» **Prompt**
Output the listing exactly as written, apart from its pictures.

=== Stored data ===

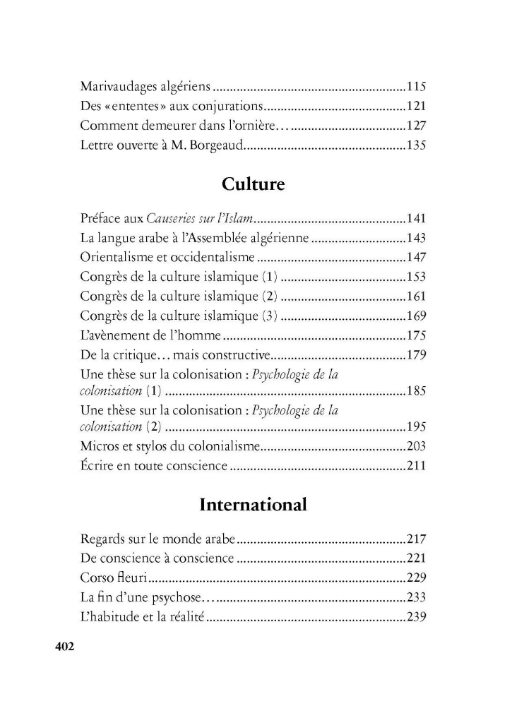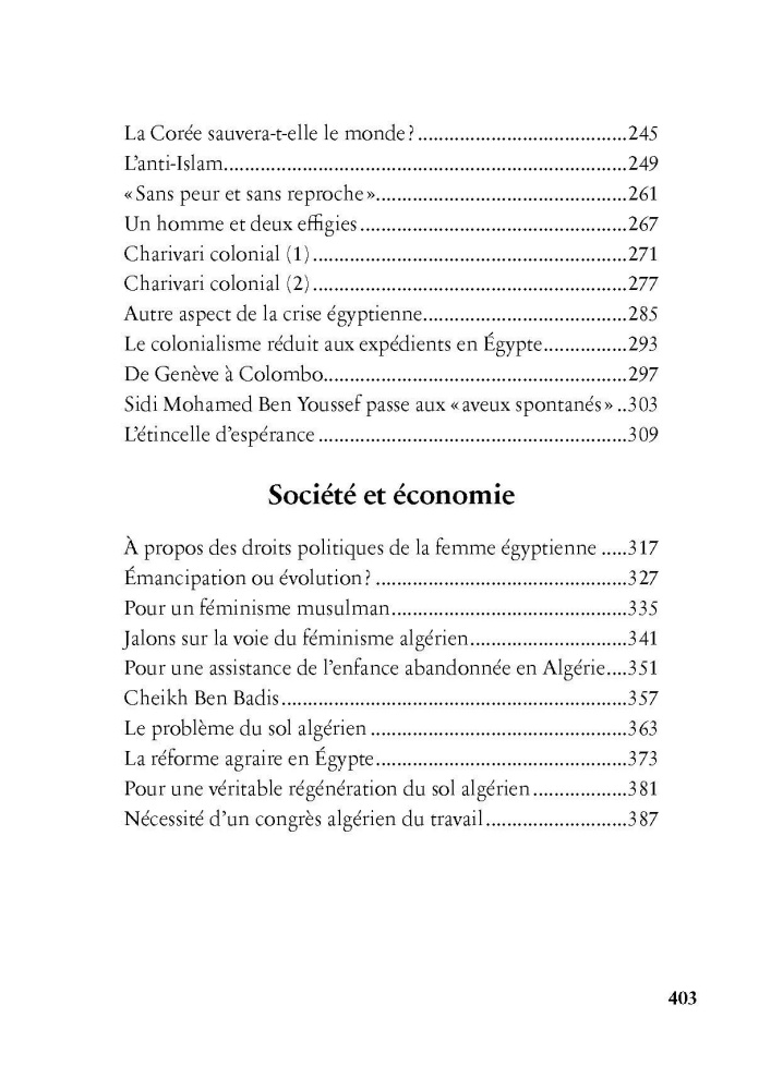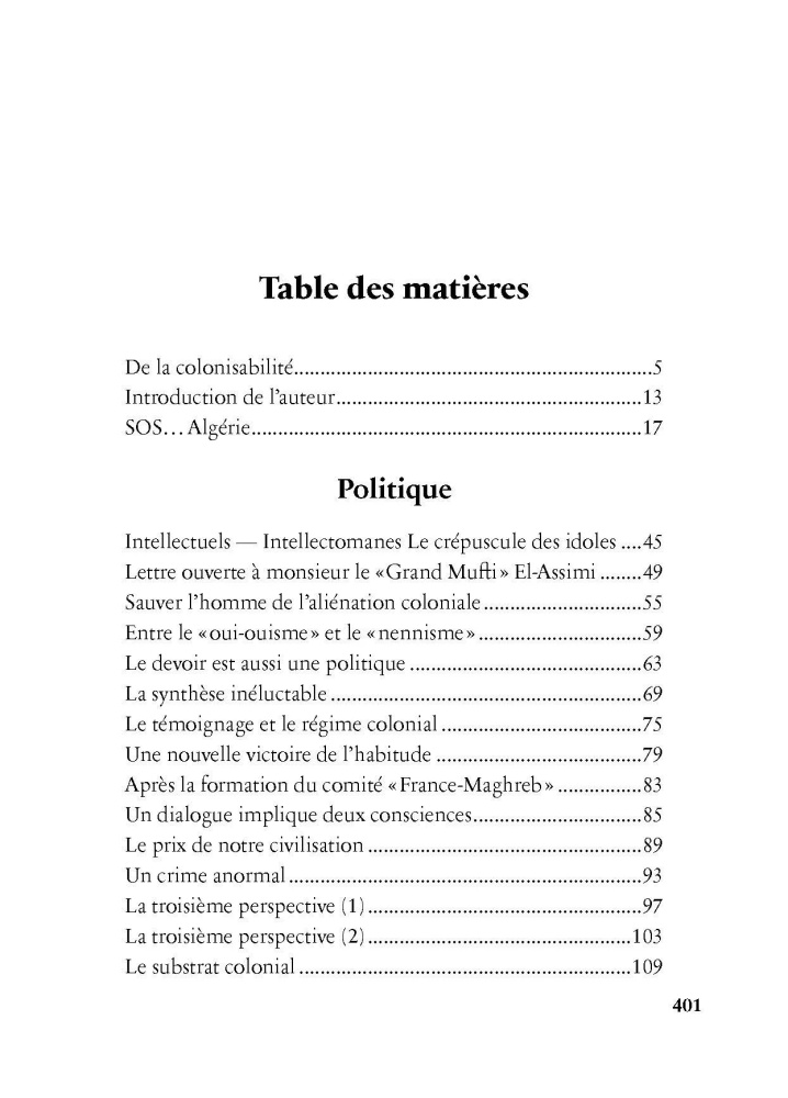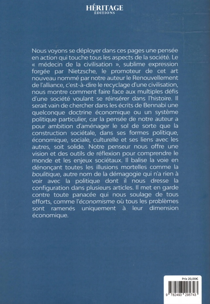 Nous voyons se déployer dans ces pages une pensée en action qui touche tous les aspects de la société. Le « médecin de la civilisation », sublime expression forgée par Nietzsche, le promoteur de cet art nouveau nommé par notre auteur le Renouvellement de l'alliance, c'est-à-dire le recyclage d'une civilisation, nous montre comment faire face aux multiples défis d'une société voulant se réinsérer dans l'histoire. Il serait vain de chercher dans les écrits de Bennabi une quelconque doctrine économique ou un système politique particulier, car la pensée de notre auteur a pour ambition d'aménager le sol de sorte que la construction sociétale, dans ses formes politique, économique, sociale, culturelle et ses liens avec les autres, soit solide.
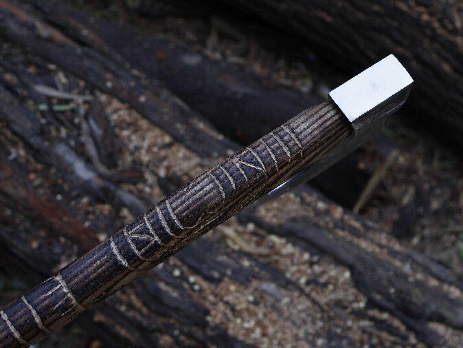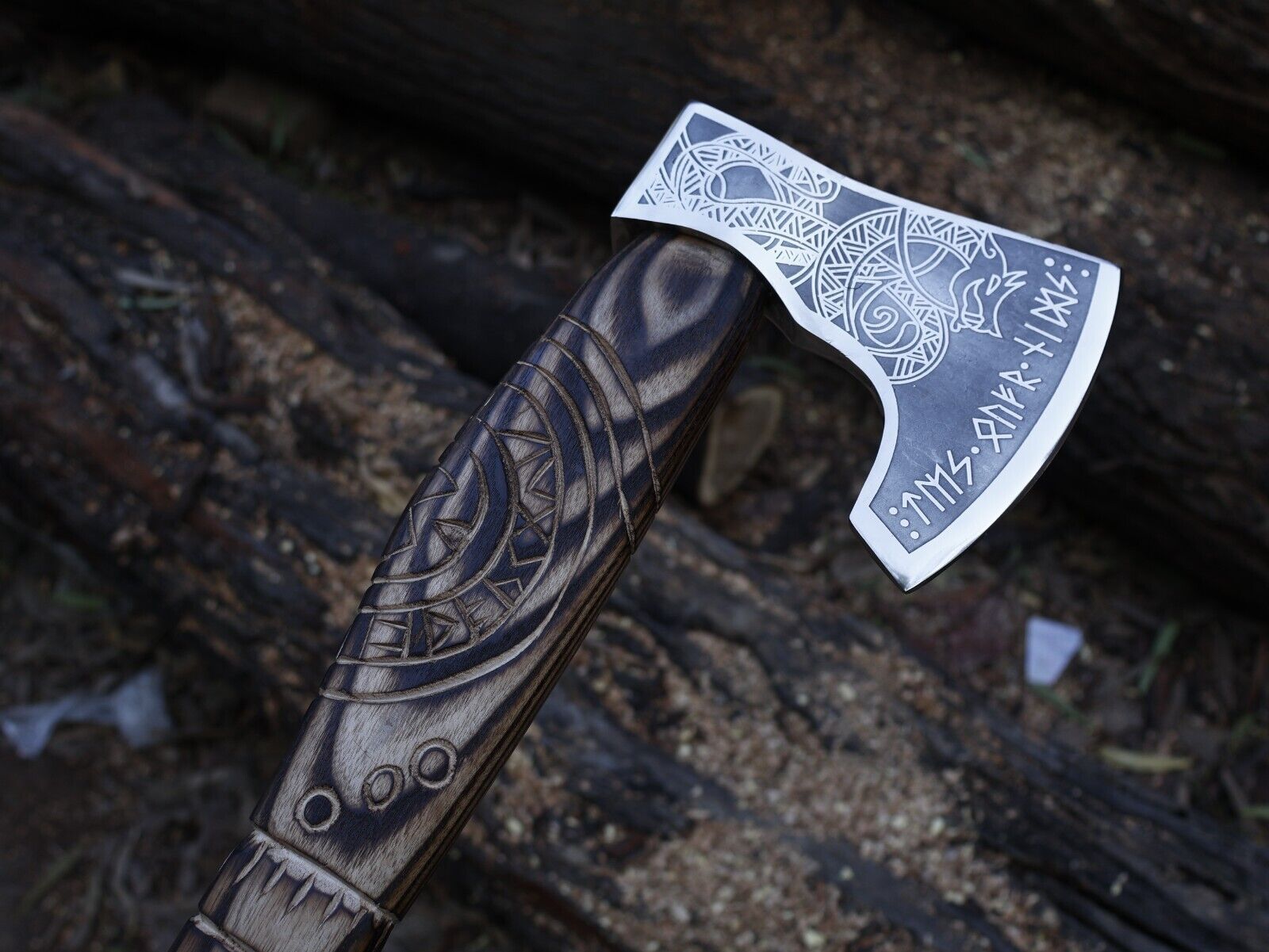 This hand forged Viking axe combines strength, craftsmanship, and traditional Norse-inspired design. Measuring 21 inches overall, with a 5-inch cutting edge and a 6-inch wide blade, this axe is built from durable carbon steel and designed to deliver both power and precision. The engraved ash wood handle not only enhances grip and comfort but also adds a striking artistic touch, making this piece as beautiful as it is functional.Forged with over 270 layers of 1095 and 15N20 high carbon tool steels, the blade undergoes expert heat treatment to reach a Rockwell hardness of 56–57 HRC. This process ensures excellent edge retention, toughness, and long-lasting durability, making the axe ideal for chopping, camping, bushcraft, or throwing.
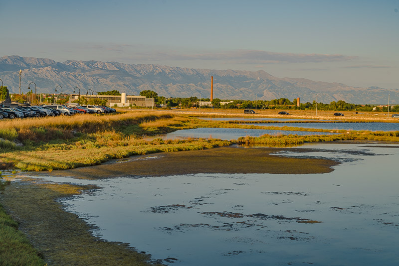 On the way back to the car, with the view over the lagoon to the Velebit mountains.
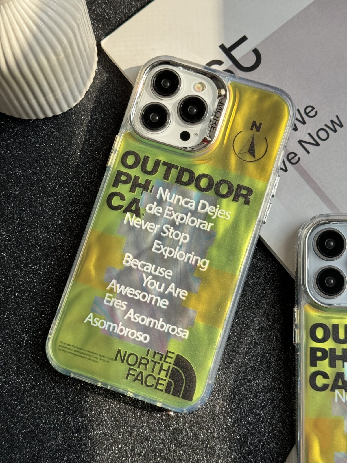 قاب موبایل آیفون نورث فیس فسفری شبرنگ
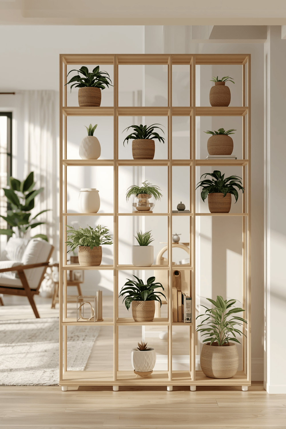 Minimal Grid Wooden Room Divider Shelf with Indoor Plants for Small Modern Homes
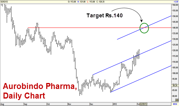Aurobindo Pharma (Rs 120.35): The stock is in a short-term uptrend and the chart patterns indicate that a rally to Rs 140 appears likely. The stock may be bought with a stop-loss at Rs 94, for a target of Rs 140.
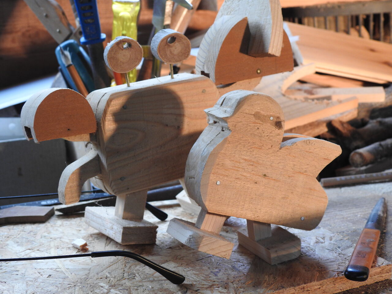 2022年08月28日 カタカタ玩具作り8/28 今日は午後まで雨で特に明け方はかなり強く久々にまとまった雨が降った感じです暇だったので以前作ってたカタカタ玩具の手直しして上の動画二本撮ってみました これはカニさんでハサミの大きさと 🍙をバランス取る重り代わりにして手前の小鳥さんは今日作ってみましたやはり玩具作りは楽しいですねnorisuke 「田舎暮らし」カテゴリの最新記事 < 前の記事次の記事 > コメント コメント一覧 (14) 1. 920-375 2022年08月28日 16:05 カタカタ玩具楽しいですね~。 動画見せていただきました。 こちらも今回雨が降って やっと周りが潤いました。 今日はとても涼しくて過ごしやすかったです。 0 norisukesan1124 3 がしました 8. norisuke 2022年08月29日 15:13 >>1 カタカタ玩具作りにまたハマりそうです。距離が長いともっと動画も面白いのですが、今回は微妙な調整があり、短い距離になりました。ありがとう。 0 norisukesan1124 3 がしました 2. みかん 2022年08月28日 16:32 キャー かわいい こういうのが 作れる人 器用なんですねー♪ 素晴らしい 👏 こちらは 天気がよく 産直へ行ってみました 花苗など 売れ残りばかりで 秋野菜 少し苗が出てただけでした ちょっとだけ 買って お試し 今回 うまくできたら 種から チャレンジしてみたいです 0 norisukesan1124 3 がしました 9. norisuke 2022年08月29日 15:14 >>2 秋野菜もこれからですね。僕も道の駅行ったけど、買うもは無かったです。 ありがとう。 0 norisukesan1124 3 がしました 3. siroattsi 2022年08月28日 18:40 ノリスケさんの作るカタカタは、動きがとても可愛い~~。 お孫さん、大きくなっても大喜びなさいますよ。 大人が見ても楽しい。 久しぶりの雨なんですね。こちらは、よく降ります。今日は朝方降って、昼間は爽やかなお天気でした。おかげでナスが元気で、枝切りしてないけど一休みしないで、なり続けています。(⋈◍>◡<◍)。✧♡ 0 norisukesan1124 3 がしました 10. norisuke 2022年08月29日 15:16 >>3 そう最近のナスは夏休みしないで、よく出来てます。そう枝も詰めなくて 大丈夫ですね。ただ下の方の葉はこまめに取り除き、風通しよくだけを してます。ありがとう。 0 norisukesan1124 3 がしました 4. 由乃 2022年08月28日 20:20 こんばんは カタカタ可愛いですね❤️ 動きがいいなあ 子供じゃなくても楽しめますね😆 今日はこちらは一日晴れてました まだまだ残暑厳しいです😅 0 norisukesan1124 3 がしました 11. norisuke 2022年08月29日 15:18 >>4 カタカタ玩具作り始めると病みつきになります。もうかなりたまってますよ。 その都度、バランスの微調整が大変ですが、それがまた面白くて。 ありがとう。 0 norisukesan1124 3 がしました 5. RockyBird 2022年08月28日 21:06 こんばんは。 カニさんの方は動きがゆっくりなのに対して、小鳥さんは動きが速く小鳥らしくてよいですね。 大変よく出来ています。 拍手!ポチ。 0 norisukesan1124 3 がしました 12. norisuke 2022年08月29日 15:19 >>5 そう大きくなるにしたがって、動きはユックリになりますね。 まずはモデルを決めることから始めます。ありがとう。 0 norisukesan1124 3 がしました 6. スノーモンスター 2022年08月29日 08:51 おもちゃ作り再始動ですね! 可愛くて素朴でしかも動きがある…良い事づくめですね~ おにぎり持った蟹さん心なしか嬉しそうに見えます! 0 norisukesan1124 3 がしました 14. norisuke 2022年08月29日 15:23 >>6 やはり面白い世界で、カタカタ音聴くだけでも楽しくなりますね。 なかなかベースになる板が無くて、今回は短くなってしまいました。 ありがとう。 0 norisukesan1124 3 がしました 7. 上尾のアン 2022年08月29日 10:12 動く玩具はいいね。 思わずうふふふとなってしまった私。 カニさんはおにぎりを持ってるのね。 これでバランスをとっているとはね~すごい!! 0 norisukesan1124 3 がしました 13. norisuke 2022年08月29日 15:21 >>7 雨でやることも無く、どうしようかなと思ってで、以前作ったカタカタ玩具が 目に留まり、その微調整から動画まで楽しめました。今度はまた最初から作ろうかなと。ありがとう。 0 norisukesan1124 3 がしました コメントフォーム 名前 コメント 記事の評価 リセット リセット 顔 星 情報を記憶 コメントを投稿する
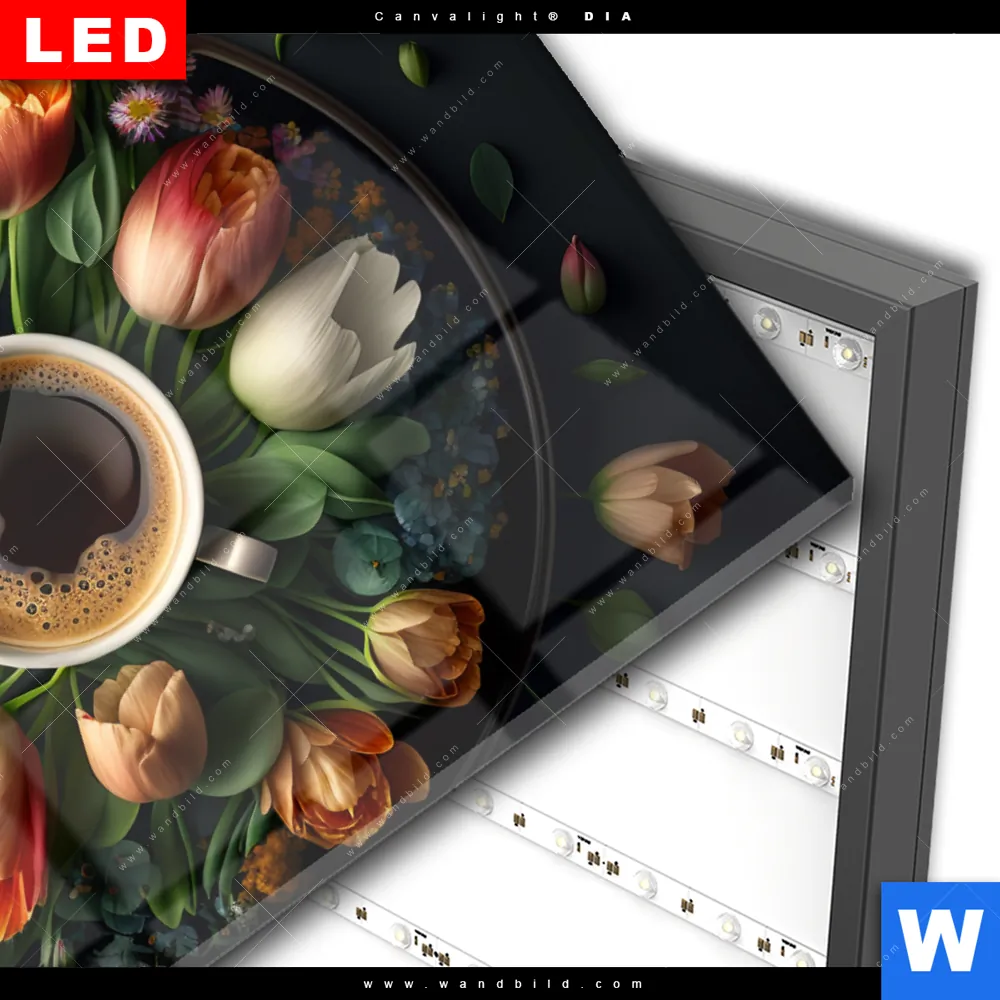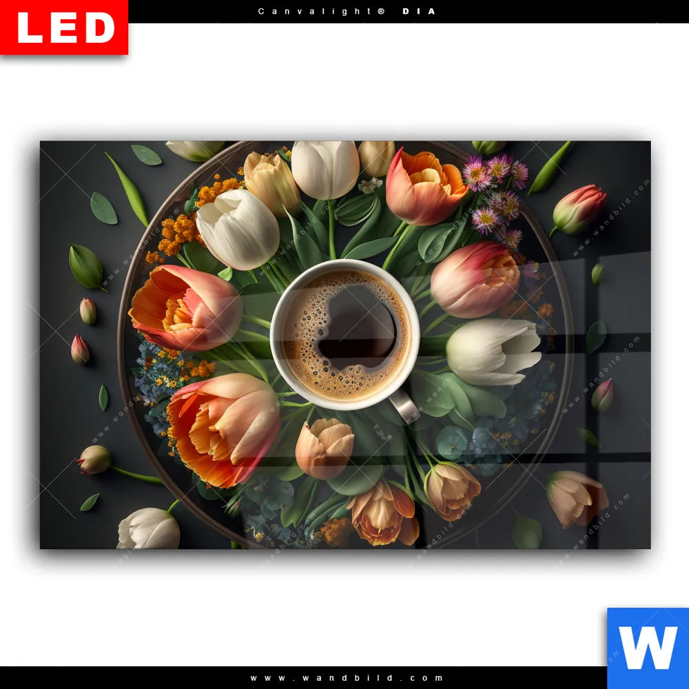 Wechselmotiv Acrylglas Canvalight® DIA | Kaffee inmitten wunderschöner Blumen | Querformat

===

» **Task output**
 Nous voyons se déployer dans ces pages une pensée en action qui touche tous les aspects de la société. Le « médecin de la civilisation », sublime expression forgée par Nietzsche, le promoteur de cet art nouveau nommé par notre auteur le Renouvellement de l'alliance, c'est-à-dire le recyclage d'une civilisation, nous montre comment faire face aux multiples défis d'une société voulant se réinsérer dans l'histoire. Il serait vain de chercher dans les écrits de Bennabi une quelconque doctrine économique ou un système politique particulier, car la pensée de notre auteur a pour ambition d'aménager le sol de sorte que la construction sociétale, dans ses formes politique, économique, sociale, culturelle et ses liens avec les autres, soit solide.
 This hand forged Viking axe combines strength, craftsmanship, and traditional Norse-inspired design. Measuring 21 inches overall, with a 5-inch cutting edge and a 6-inch wide blade, this axe is built from durable carbon steel and designed to deliver both power and precision. The engraved ash wood handle not only enhances grip and comfort but also adds a striking artistic touch, making this piece as beautiful as it is functional.Forged with over 270 layers of 1095 and 15N20 high carbon tool steels, the blade undergoes expert heat treatment to reach a Rockwell hardness of 56–57 HRC. This process ensures excellent edge retention, toughness, and long-lasting durability, making the axe ideal for chopping, camping, bushcraft, or throwing.
 On the way back to the car, with the view over the lagoon to the Velebit mountains.
 قاب موبایل آیفون نورث فیس فسفری شبرنگ
 Minimal Grid Wooden Room Divider Shelf with Indoor Plants for Small Modern Homes
Aurobindo Pharma (Rs 120.35): The stock is in a short-term uptrend and the chart patterns indicate that a rally to Rs 140 appears likely. The stock may be bought with a stop-loss at Rs 94, for a target of Rs 140.
 2022年08月28日 カタカタ玩具作り8/28 今日は午後まで雨で特に明け方はかなり強く久々にまとまった雨が降った感じです暇だったので以前作ってたカタカタ玩具の手直しして上の動画二本撮ってみました これはカニさんでハサミの大きさと 🍙をバランス取る重り代わりにして手前の小鳥さんは今日作ってみましたやはり玩具作りは楽しいですねnorisuke 「田舎暮らし」カテゴリの最新記事 < 前の記事次の記事 > コメント コメント一覧 (14) 1. 920-375 2022年08月28日 16:05 カタカタ玩具楽しいですね~。 動画見せていただきました。 こちらも今回雨が降って やっと周りが潤いました。 今日はとても涼しくて過ごしやすかったです。 0 norisukesan1124 3 がしました 8. norisuke 2022年08月29日 15:13 >>1 カタカタ玩具作りにまたハマりそうです。距離が長いともっと動画も面白いのですが、今回は微妙な調整があり、短い距離になりました。ありがとう。 0 norisukesan1124 3 がしました 2. みかん 2022年08月28日 16:32 キャー かわいい こういうのが 作れる人 器用なんですねー♪ 素晴らしい 👏 こちらは 天気がよく 産直へ行ってみました 花苗など 売れ残りばかりで 秋野菜 少し苗が出てただけでした ちょっとだけ 買って お試し 今回 うまくできたら 種から チャレンジしてみたいです 0 norisukesan1124 3 がしました 9. norisuke 2022年08月29日 15:14 >>2 秋野菜もこれからですね。僕も道の駅行ったけど、買うもは無かったです。 ありがとう。 0 norisukesan1124 3 がしました 3. siroattsi 2022年08月28日 18:40 ノリスケさんの作るカタカタは、動きがとても可愛い~~。 お孫さん、大きくなっても大喜びなさいますよ。 大人が見ても楽しい。 久しぶりの雨なんですね。こちらは、よく降ります。今日は朝方降って、昼間は爽やかなお天気でした。おかげでナスが元気で、枝切りしてないけど一休みしないで、なり続けています。(⋈◍>◡<◍)。✧♡ 0 norisukesan1124 3 がしました 10. norisuke 2022年08月29日 15:16 >>3 そう最近のナスは夏休みしないで、よく出来てます。そう枝も詰めなくて 大丈夫ですね。ただ下の方の葉はこまめに取り除き、風通しよくだけを してます。ありがとう。 0 norisukesan1124 3 がしました 4. 由乃 2022年08月28日 20:20 こんばんは カタカタ可愛いですね❤️ 動きがいいなあ 子供じゃなくても楽しめますね😆 今日はこちらは一日晴れてました まだまだ残暑厳しいです😅 0 norisukesan1124 3 がしました 11. norisuke 2022年08月29日 15:18 >>4 カタカタ玩具作り始めると病みつきになります。もうかなりたまってますよ。 その都度、バランスの微調整が大変ですが、それがまた面白くて。 ありがとう。 0 norisukesan1124 3 がしました 5. RockyBird 2022年08月28日 21:06 こんばんは。 カニさんの方は動きがゆっくりなのに対して、小鳥さんは動きが速く小鳥らしくてよいですね。 大変よく出来ています。 拍手!ポチ。 0 norisukesan1124 3 がしました 12. norisuke 2022年08月29日 15:19 >>5 そう大きくなるにしたがって、動きはユックリになりますね。 まずはモデルを決めることから始めます。ありがとう。 0 norisukesan1124 3 がしました 6. スノーモンスター 2022年08月29日 08:51 おもちゃ作り再始動ですね! 可愛くて素朴でしかも動きがある…良い事づくめですね~ おにぎり持った蟹さん心なしか嬉しそうに見えます! 0 norisukesan1124 3 がしました 14. norisuke 2022年08月29日 15:23 >>6 やはり面白い世界で、カタカタ音聴くだけでも楽しくなりますね。 なかなかベースになる板が無くて、今回は短くなってしまいました。 ありがとう。 0 norisukesan1124 3 がしました 7. 上尾のアン 2022年08月29日 10:12 動く玩具はいいね。 思わずうふふふとなってしまった私。 カニさんはおにぎりを持ってるのね。 これでバランスをとっているとはね~すごい!! 0 norisukesan1124 3 がしました 13. norisuke 2022年08月29日 15:21 >>7 雨でやることも無く、どうしようかなと思ってで、以前作ったカタカタ玩具が 目に留まり、その微調整から動画まで楽しめました。今度はまた最初から作ろうかなと。ありがとう。 0 norisukesan1124 3 がしました コメントフォーム 名前 コメント 記事の評価 リセット リセット 顔 星 情報を記憶 コメントを投稿する
 Wechselmotiv Acrylglas Canvalight® DIA | Kaffee inmitten wunderschöner Blumen | Querformat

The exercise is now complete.